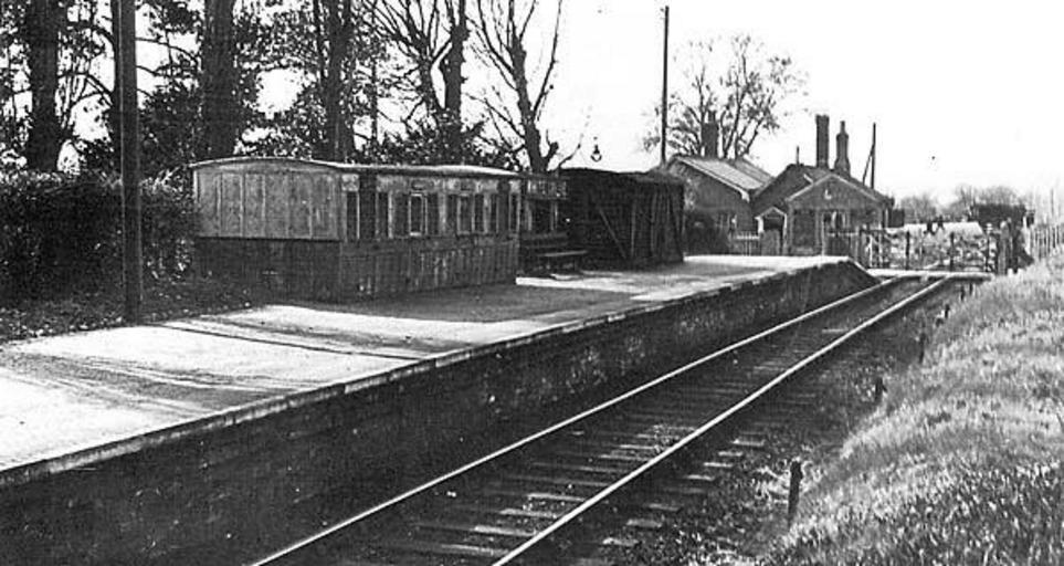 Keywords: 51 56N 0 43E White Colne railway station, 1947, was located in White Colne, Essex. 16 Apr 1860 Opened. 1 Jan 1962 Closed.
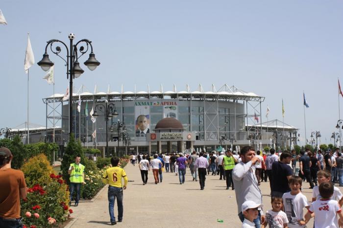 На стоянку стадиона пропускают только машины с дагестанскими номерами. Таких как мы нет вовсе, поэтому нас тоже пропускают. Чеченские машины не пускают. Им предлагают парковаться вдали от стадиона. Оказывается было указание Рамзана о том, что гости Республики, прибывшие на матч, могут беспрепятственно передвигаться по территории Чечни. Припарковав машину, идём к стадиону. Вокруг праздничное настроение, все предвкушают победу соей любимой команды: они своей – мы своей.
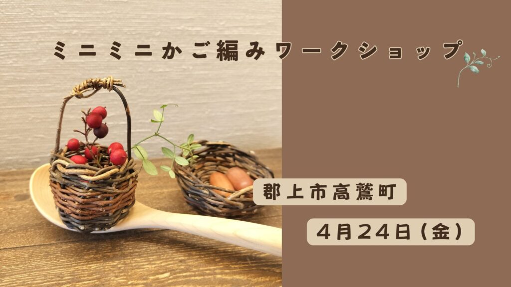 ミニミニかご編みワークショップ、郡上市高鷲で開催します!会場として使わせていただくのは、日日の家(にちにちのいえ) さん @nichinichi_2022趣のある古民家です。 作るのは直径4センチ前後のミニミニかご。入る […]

---

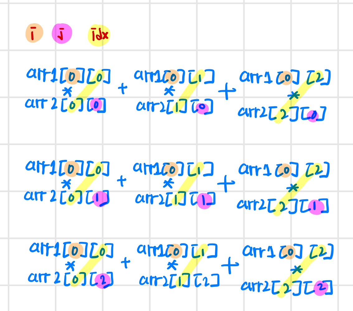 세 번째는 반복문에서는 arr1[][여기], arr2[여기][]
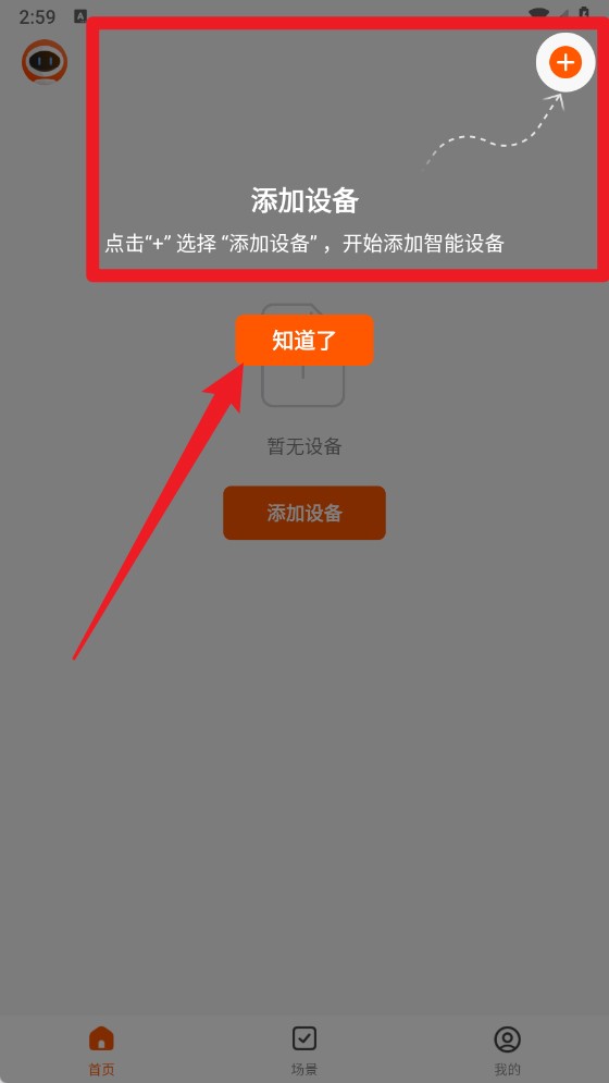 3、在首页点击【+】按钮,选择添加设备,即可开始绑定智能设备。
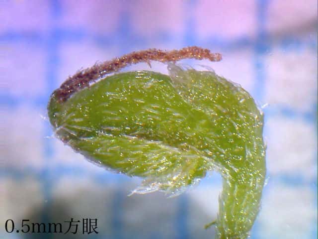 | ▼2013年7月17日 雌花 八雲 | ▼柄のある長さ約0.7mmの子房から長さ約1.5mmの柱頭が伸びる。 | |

...

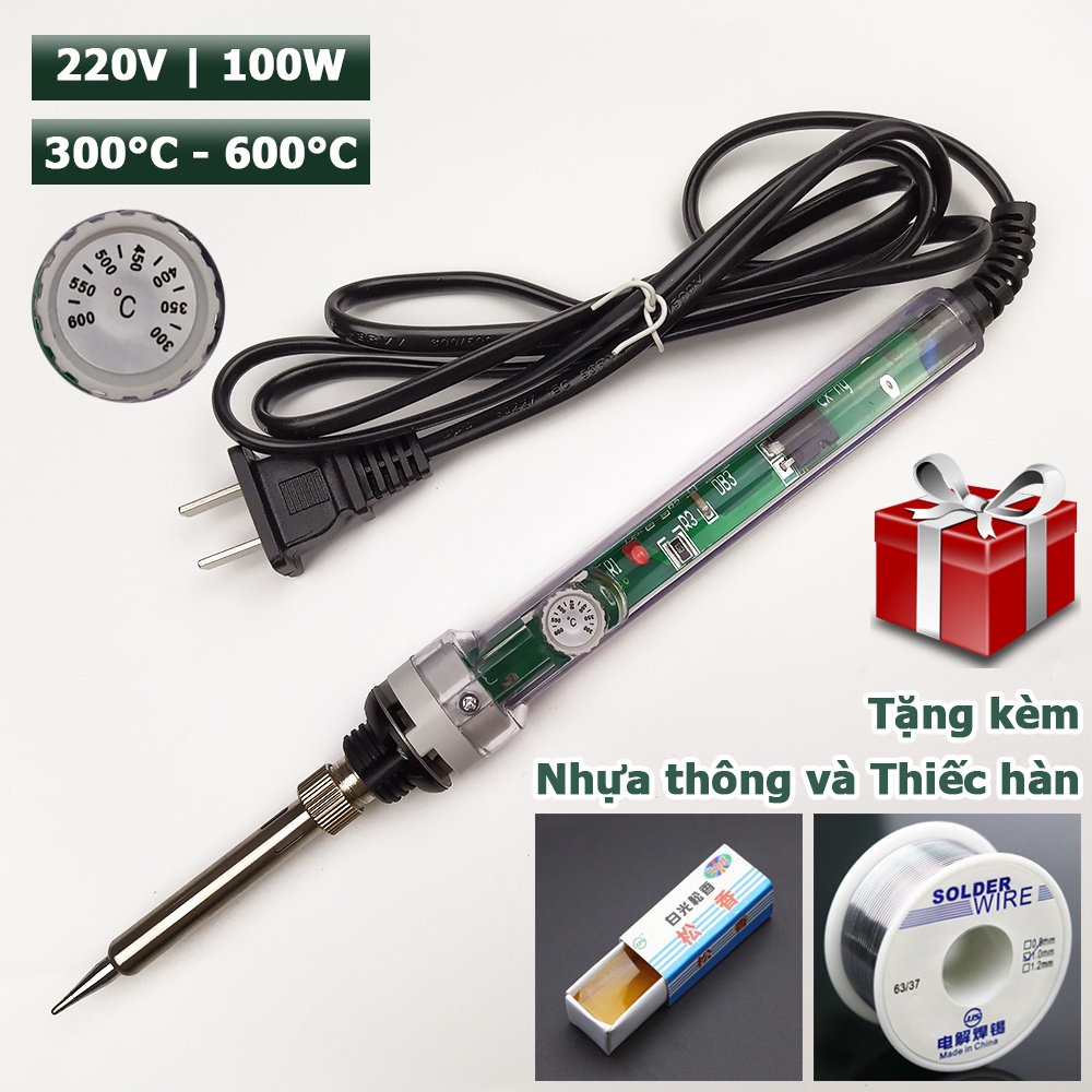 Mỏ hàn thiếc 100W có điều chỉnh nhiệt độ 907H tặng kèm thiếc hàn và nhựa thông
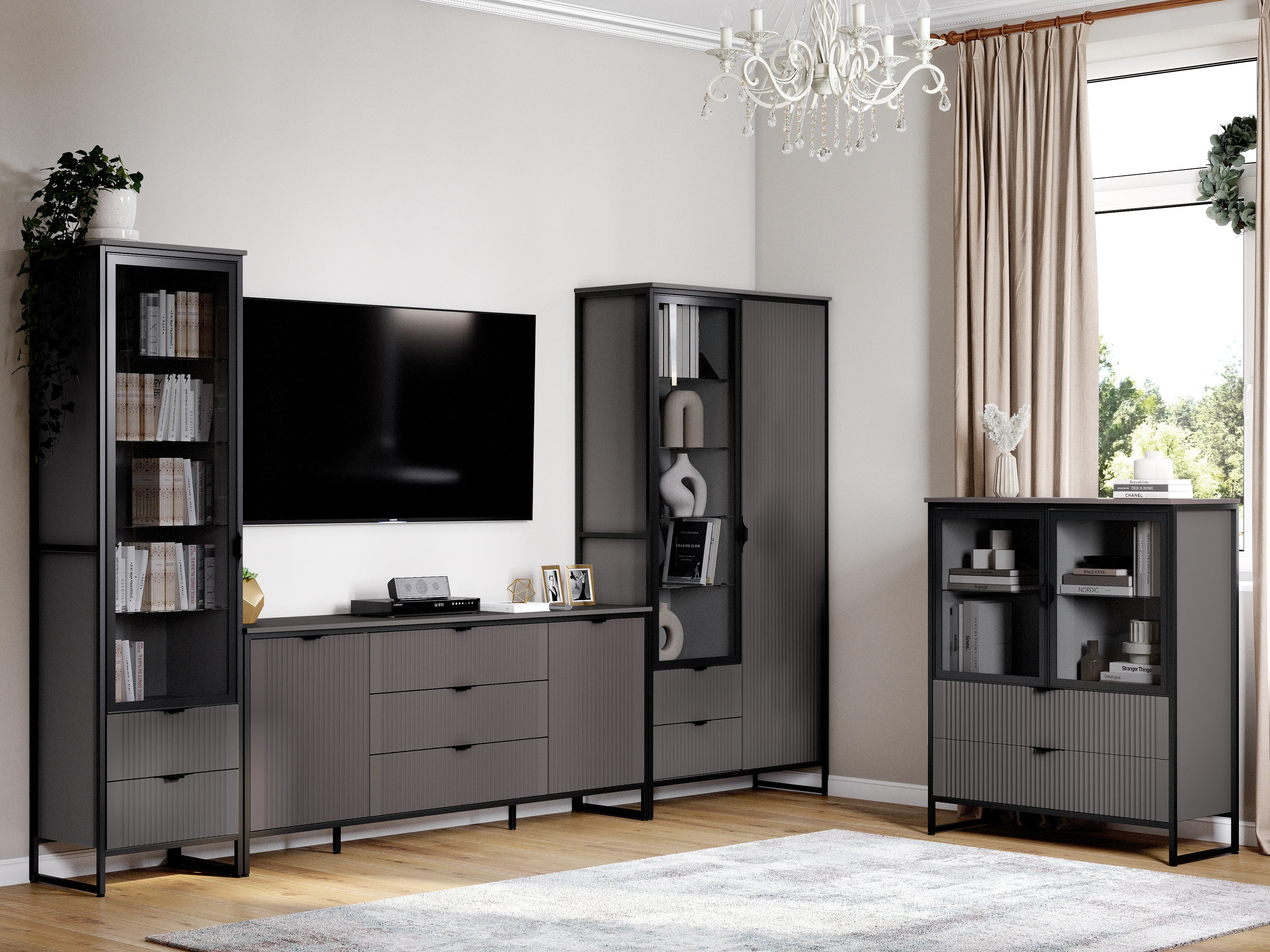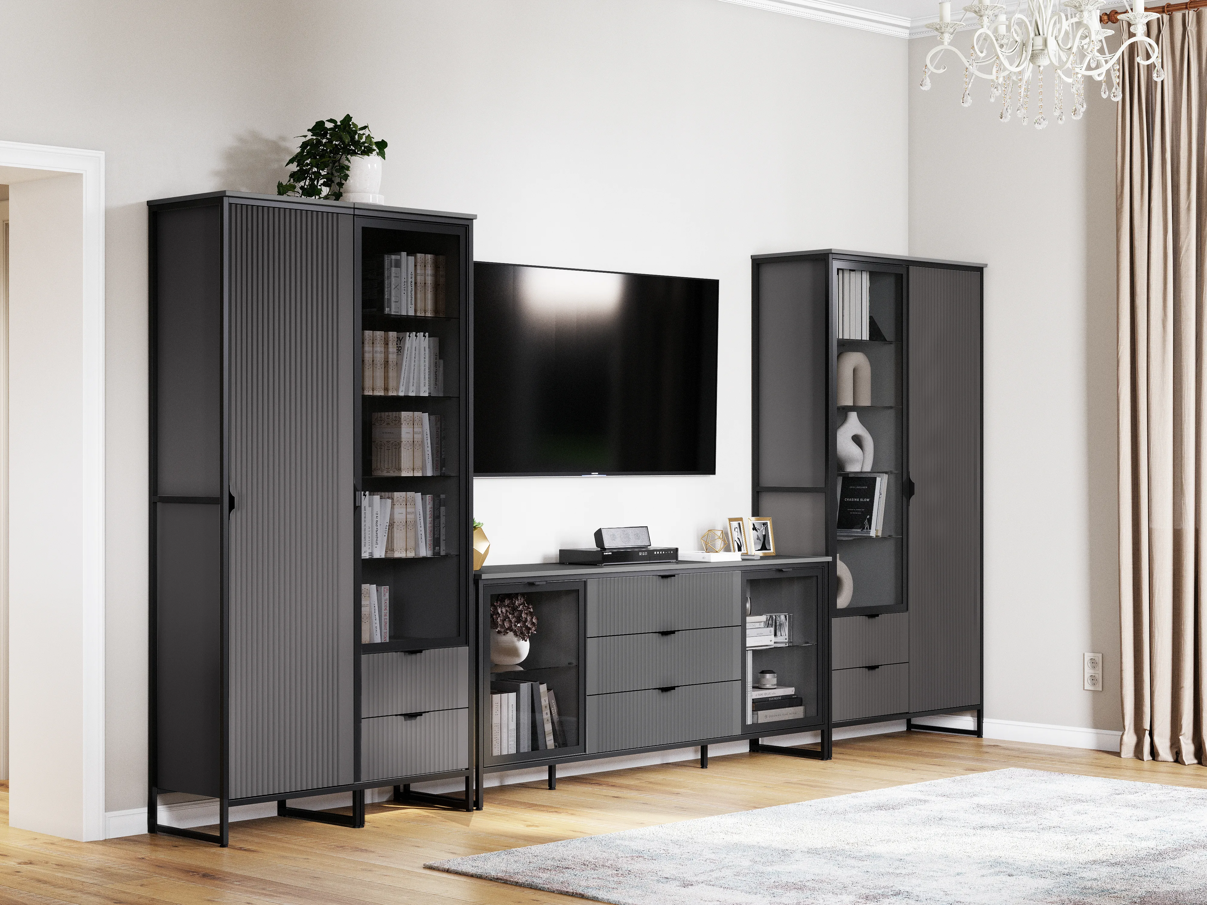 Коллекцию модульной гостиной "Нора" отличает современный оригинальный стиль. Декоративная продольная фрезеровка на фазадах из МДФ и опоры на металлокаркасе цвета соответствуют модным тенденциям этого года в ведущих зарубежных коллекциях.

» EXERCISE DESCRIPTION
Leaving out the pictures, please output the lines in the entries above from the one with "3、在首页点击【+】按钮,选择添加设备,即可开始绑定智能设备。" through the one with "八雲 | ▼柄のある長さ約0.7mmの子房から長さ約1.5mmの柱頭が伸びる。 | |", exactly as they are.

» THE COMPLETED TASK
 3、在首页点击【+】按钮,选择添加设备,即可开始绑定智能设备。
 | ▼2013年7月17日 雌花 八雲 | ▼柄のある長さ約0.7mmの子房から長さ約1.5mmの柱頭が伸びる。 | |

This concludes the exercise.